И тут в аисте с неодолимой силой вспыхнул голод. Из последних сил сделав рывок, он подскочил к двери — утки испуганно бросились прочь — и принялся глотать, глотать кусок за куском. В мгновение ока пол в сарае как метлой вымели. А в желудке у аиста теплой волной разлились покой и сытость. И — странным образом — приятное ощущение опять ассоциировалось у него с мыслью о человеке…

Поев, аист проковылял на свое место в угол, но стоять было слишком трудно, и он медленно, словно усаживаясь в гнезде, опустился на пол.

«Вкусно было», — подумал аист, но знал, что сейчас для него еда значила гораздо большее: она возвращала ему жизнь. Его потянуло в сон. Стальной плуг уже казался не таким страшным, и оскаленные зубы грабель тоже не пугали.

«Человек не даст меня в обиду», — засыпая подумал аист.

Берти вышел из кухни как раз в тот момент, когда утки, тесня друг друга, улепетывали из сарая.

— Жучка, эй, Жучка, чтоб тебя мухи живьем сожрали!.. Что ж ты за порядком не смотришь? — и Берти бросился к сараю. На полу не видно было и следов пищи, аист в углу задремал — судя по всему, от голода, а предназначенную для него еду не иначе как утки склевали.

Собака с готовностью прибежала на зов и, уразумев, что Берти науськивает ее на уток, со всей разгневанностью преданного служаки пустилась за утками вдогонку. Однако гнев ее был не настоящий, можно сказать, притворный, потому что любое истинное чувство всегда исходит из нашего собственного сердца. Поэтому ретивая Вахур при всем своем усердии так и не смогла нагнать ни одну из уток: едва настигнув какую-либо, она припускалась за той, которая сейчас находилась от нее дальше всех. Возвратясь через какое-то время к Берти, она, виляя хвостом, доложила:

— Всыпала им по первое число!..

— Крякуши ненасытные аиста нашего объедают, а тебе и горя мало! — сердито махнул рукой Берти.

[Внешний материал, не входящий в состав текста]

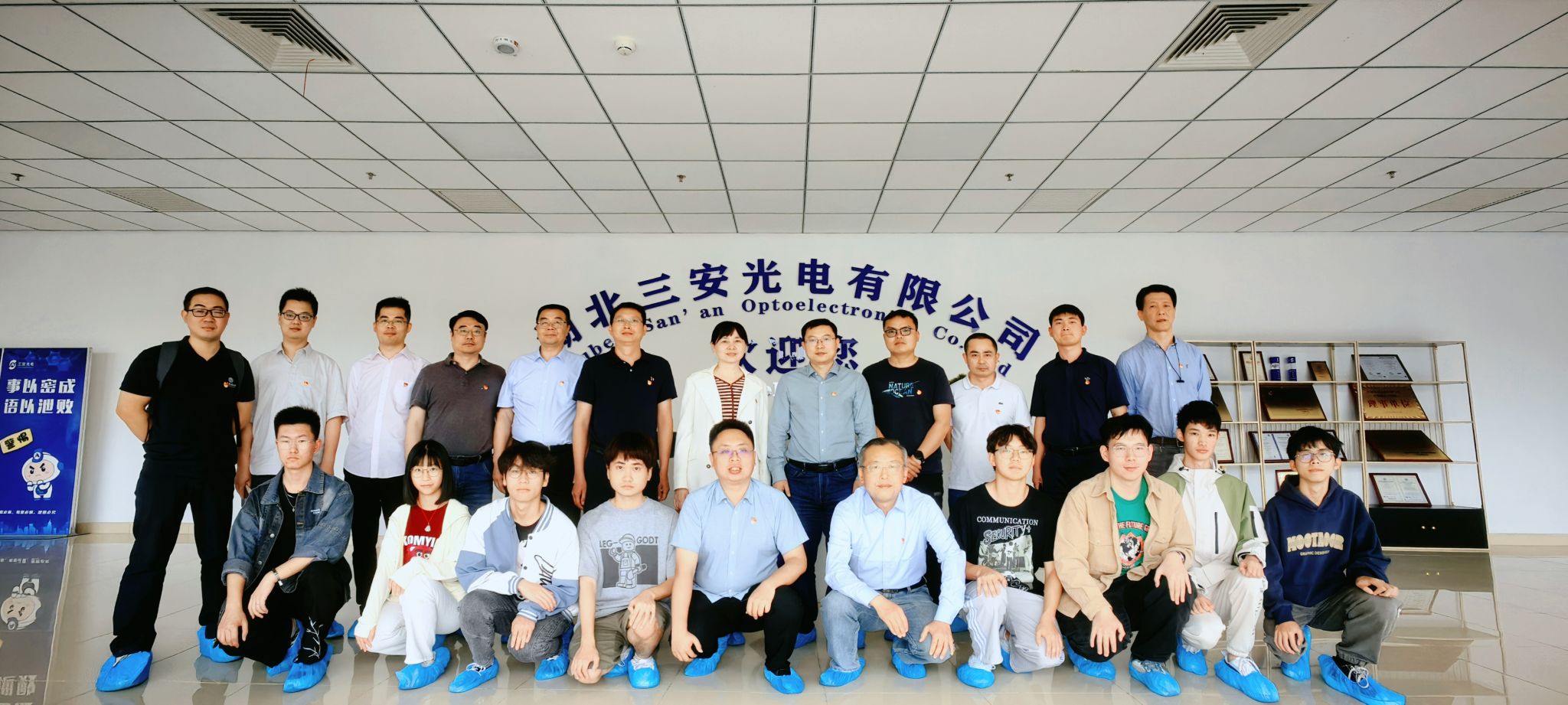 在三安光电公司,同志们走进公司展厅和生产、研发产线进行参观,在讲解员的介绍下,详细了解企业文化、企业战略、员工培养以及半导体、显示屏等主营产品研发等情况。随后,学院师生与企业高管、校友代表进行座谈,双方就产教融合、在校生培养、毕业生发展、校企合作等进行深入交流。

Собака, уловив знакомое слово «крякуши», выразительно глянула вслед утиной стае, как бы говоря хозяину: только прикажи, и я опять их погоняю по двору, а хочешь — могу и покусать…

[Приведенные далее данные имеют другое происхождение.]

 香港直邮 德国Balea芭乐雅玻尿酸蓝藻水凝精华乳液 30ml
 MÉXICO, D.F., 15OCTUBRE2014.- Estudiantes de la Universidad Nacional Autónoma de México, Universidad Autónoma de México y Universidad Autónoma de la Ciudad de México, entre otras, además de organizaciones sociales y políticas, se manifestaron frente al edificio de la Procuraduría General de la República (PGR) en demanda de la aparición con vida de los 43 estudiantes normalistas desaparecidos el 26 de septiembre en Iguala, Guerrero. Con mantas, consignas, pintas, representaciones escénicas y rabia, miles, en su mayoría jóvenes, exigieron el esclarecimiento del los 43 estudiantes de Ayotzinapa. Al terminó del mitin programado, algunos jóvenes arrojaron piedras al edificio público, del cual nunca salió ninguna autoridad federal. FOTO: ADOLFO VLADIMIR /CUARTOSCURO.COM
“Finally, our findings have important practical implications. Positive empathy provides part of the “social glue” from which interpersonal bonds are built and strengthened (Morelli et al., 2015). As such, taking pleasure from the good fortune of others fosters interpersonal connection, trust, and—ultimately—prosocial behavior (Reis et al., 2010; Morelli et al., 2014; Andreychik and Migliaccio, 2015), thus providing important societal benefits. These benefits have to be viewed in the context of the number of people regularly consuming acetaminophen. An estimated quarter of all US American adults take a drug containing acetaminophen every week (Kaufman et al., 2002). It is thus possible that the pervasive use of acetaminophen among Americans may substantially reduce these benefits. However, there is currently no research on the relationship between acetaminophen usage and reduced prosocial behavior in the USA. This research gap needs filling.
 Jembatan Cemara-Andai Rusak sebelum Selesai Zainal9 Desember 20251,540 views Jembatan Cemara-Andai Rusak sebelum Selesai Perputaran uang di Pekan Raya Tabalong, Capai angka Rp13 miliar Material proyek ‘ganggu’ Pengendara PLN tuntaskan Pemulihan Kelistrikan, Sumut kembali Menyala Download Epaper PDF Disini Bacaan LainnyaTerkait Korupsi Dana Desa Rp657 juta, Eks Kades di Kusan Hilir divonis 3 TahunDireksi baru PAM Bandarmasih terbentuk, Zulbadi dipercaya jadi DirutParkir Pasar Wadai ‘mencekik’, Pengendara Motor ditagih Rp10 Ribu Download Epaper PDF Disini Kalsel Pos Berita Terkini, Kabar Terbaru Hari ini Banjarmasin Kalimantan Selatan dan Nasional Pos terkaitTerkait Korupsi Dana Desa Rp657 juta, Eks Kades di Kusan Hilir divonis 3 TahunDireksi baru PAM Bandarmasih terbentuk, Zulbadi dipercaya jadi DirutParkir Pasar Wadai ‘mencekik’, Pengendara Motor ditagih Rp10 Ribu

Берти молча стоял, пытаясь подавить бессильный — и, добавим, несправедливый — гнев против уток, а те, приходя в себя от пережитых волнений, возбужденно хлопали крыльями.

— Кря-кря-кря… К Длинноногому человек никого и близко не подпускает, а Вахур его охраняет, так что будьте осторожны… У Келе полно всякой вкусной еды, но мы у него ни кусочка не взяли… и даже разрешения спросили, можно ли нам зайти… кря-кря-кря.

— Кукареку…кукареку-у!.. — Петух, стоя на верху навозной кучи, взволнованно хлопал крыльями. — Пусть только этот Келе осмелится выйти во двор! Я ему покажу: отдеру его так, что только перья полетят, вот увидите! Кукареку-у-у!..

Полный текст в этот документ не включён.